Kasus
Kasus Mulyana dalam Perspektif Etika

     Ditinjau dari setting teori keagenan (agency theory), ada tiga pihak utama yang terlibat dalam kasus ini, yaitu (1) pihak pemberi kerja berperan sebagai principal, dalam hal ini adalah rakyat Indonesia yang direpresentasikan oleh pemerintah Indonesia, Dewan Perwakilan Rakyat (DPR), dan Komisi Pemberantasan Korupsi (KPK), (2) pihak penerima kerja untuk menjalankan tugas berperan sebagai agen, dalam hal adalah KPU, dan (3) pihak independen, dalam hal ini adalah BPK sebagai auditor, yang perannya diharapkan sebagai pihak independen, berintegritas, dan kredibel, untuk meyakinkan kepada dua pihak sebelumnya, yaitu pemerintah dan DPR sebagai pemberi kerja, dan KPU sebagai penerima kerja.

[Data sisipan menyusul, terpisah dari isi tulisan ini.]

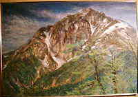 | 深田久弥「日本百名山」から 雨飾山という山を知ったのは、いつの頃だったかしら。信州の大町から糸魚川を辿って,佐野坂を越えたあたりで、遙か北のかたに、特別高くはないが品のいい形をしたピラミッドが見えた。しかしそれは、街道のすぐ左手に立ち並んだ後立山連峰の威圧的な壮観に眼を奪われる旅行者にはほとんど気付かれぬ、つつましやかな、むしろ可愛らしいと言いたいような山であった。私はその山に心を引かれた。雨飾山という名前も気に入った。北面の梶山新湯から、その雨飾山に登ろうとしたのは、太平洋戦争の始まる前であった。その頃はまだハッキリした登山路がなく、さんざん道を探しあぐねた末、とうとう分からず仕舞いで引き返した。しかし北側から仰いだ雨飾山はよかった。左右に均整の取れた肩を長く張って、その上に、猫の耳のように二つのピークが睦まじげに寄り添って、すっきりと五月の空に立っていた。やはり品がよく美しかった。それからしばらくして、今度は南側から登るつもりで、小谷(おたり)温泉へ行った。こちらからも道はなく、私は山に詳しい土地の人を案内に頼んでもらった。しかし来る日も来る日も雨で、四日間も待ったが、ついに空しく引き上げねばならなかった。三度目の雨飾山は、戦後のある年の十月下旬であった。そして私の長い間の憧れが今度は達せられた。登山口はやはり小谷温泉を選んだが、道は途中までしかなかった。頼んだ案内人を先に立てて、私たち四人はみごとな紅葉で塗りつぶされた山へ向かった。大海川(おおみがわ)へ入るともう道は消え、河原伝いに遡って行くほかなかった。大海川は上流で二つに分かれ、私たちは左の荒菅沢(アラスゲサワ)を採った。それまで比較的ゆるやかだった谷が、にわかに急な沢となり、石を飛び越えたり、へつったり、滝を避けるために藪の中を高捲きしたりせねばならなかった。沢筋に水が無くなって、ゴロゴロした大きな石を踏んで行くようになると、もう森林帯を抜け出て、見晴らしが展け、すぐ頭上にすばらしい岩壁が現れた。それはフトンビシと呼ばれる巨大な岩で、その岩の間に廊下のような細い隙間が通じていた。その咽喉を通り抜けて上に出ると、すでに沢の源頭で、あとは枯れた草つきの急斜面を登るだけであった。急登にあえぎながら稜線に辿りつくと、ハッキリした道がついていた。それは近年梶山新湯から開かれた登山道であった。それから頂上まで、急ではあったが、一登りにすぎなかった。ついに私は久恋の頂きに立った。しかも天は隈なく晴れて、秋の午後三時の太陽は、見渡す山々の上に静かな光をおいていた。すべての頂には憩いがある。梢にはそよとの風もなく、小鳥は森に黙した。風化し摩滅した石の祠と数体の小さな石仏の傍らに、私たちは身を横たえて、ただ静寂な時の過ぎるのに任せた。古い石仏は越後の方へ向いていた。その行手には、日本海を越えて、能登半島の長い腕が見えた。一休みして、私たちはもう一つのピークの上へ行った。案外近く、三十メートルほどしか離れていなかった。下から眺めてあんなに美しかった、その二つの耳の上に立った喜びで、私の幸福には限りがなかった。 次のページへ |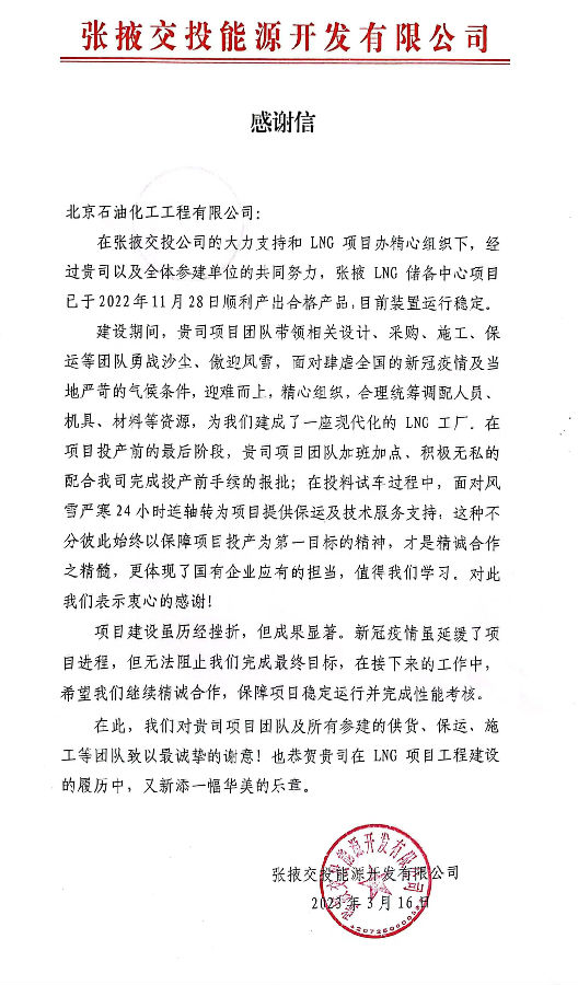 近日,乐竞网页版入口(简称:北油工程)收到张掖交投能源开发有限公司发来的感谢信,对张掖LNG储备中心项目建设成果表示了肯定,对我公司项目团队表现出的技术专业性及不畏艰难、勇于担当的团队精神表示了感谢。

     Pemberi kerja mendelegasikan wewenang dengan ketentuan-ketentuan tertentu, dan KPU telah menjalankan tugasnya sesuai dengan fakta-fakta empiris.
Berdasar setting teori keagenan di atas dan mencuatnya kasus Mulyana W. Kusumah, maka pertanyaan yang muncul adalah, etiskah tindakan ketiga pihak tersebut? Artikel ini mencoba menganalisa dan menyimpulkannya dalam perspektif teori etika.
     Dari teori etika, profesi pemeriksa (auditor), apakah auditor keuangan publik seperti kasus keuangan KPU maupun auditor keuangan swasta, seperti pada keuangan perusahaan-perusahaan, baik yang terdaftar di Bursa Efek Jakarta maupun tidak, diatur dalam sebuah aturan yang disebut sebagai kode etik profesi akuntan.
Dalam kode etik profesi akuntan ini diatur berbagai masalah, baik masalah prinsip yang harus melekat pada diri auditor, maupun standar teknis pemeriksaan yang juga harus diikuti oleh auditor, juga bagaimana ketiga pihak melakukan komunikasi atau interaksi.
     Dalam konteks kasus Mulyana W. Kusumah, kesimpulan yang bisa dinyatakan adalah bahwa tindakan kedua belah pihak, pihak ketiga (auditor), maupun pihak penerima kerja, yaitu KPU, sama-sama tidak etis. Tidak etis seorang auditor melakukan komunikasi kepada pihak yang diperiksa atau pihak penerima kerja dengan mendasarkan pada imbalan sejumlah uang sebagaimana terjadi pada kasus Mulyana W. Kusumah, walaupun dengan tujuan ‘mulia’, yaitu untuk mengungkapkan indikasi terjadinya korupsi di tubuh KPU.
Pembahasan

     Dinyatakan dalam kode etik yang berkaitan dengan masalah prinsip bahwa auditor harus menjaga, menjunjung, dan menjalankan nilai-nilai kebenaran dan moralitas, seperti bertanggungjawab (responsibilities), berintegritas (integrity), bertindak secara objektif (objectivity) dan menjaga independensinya terhadap kepentingan berbagai pihak (independence), dan hati-hati dalam menjalankan profesi (due care). Dalam konteks kode etik profesi akuntan inilah, kasus Mulyana W Kusumah bisa dianalisis, apakah tindakan mereka (ketiga pihak), melanggar etika atau tidak.
Dalam kasus di atas telah jelas bahwa auditor BPK melakukan prosedur audit yang salah dan bertentangan dengan kode etik akuntan. Auditor tersebut menggunakan jebakan imbalan uang untuk menjalankan profesinya sebagai auditor yakni untuk mendapatkan bukti dari pihak yang diperiksa. Dari segi moral, bisa dikatakan tindakan itu benar tapi tidak dari segi etika profesi. Sudah ada prosedur-prosedur dan standar yang harus dilakukan auditor untuk mengungkapkan bagaimana aliran dana tersebut dari masuk hingga digunakan oleh KPU. Dengan penggunaan standar dan prosedur yang benar, tentu akan terungkap kebenaran apakah terjadi hal negatif misalnya korupsi. Disini bisa diketahui bahwa auditor tersebut dari awal telah menduga dan sangat mencurigai bahwa telah terjadi korupsi sehingga bisa dikatakan auditor tidak objektif dan independen. Selain itu, dia dapat juga diragukan keahlian profesional auditingnya karena tidak percaya akan kemampuan dengan melakukan tindakan jebakan seperti itu. Profesi audit tersebut harus dilakukan dengan cara-cara, teknik, dan prosedur profesi yang menjaga, menjunjung, menjalankan dan mendasarkan           pada    etika    profesi.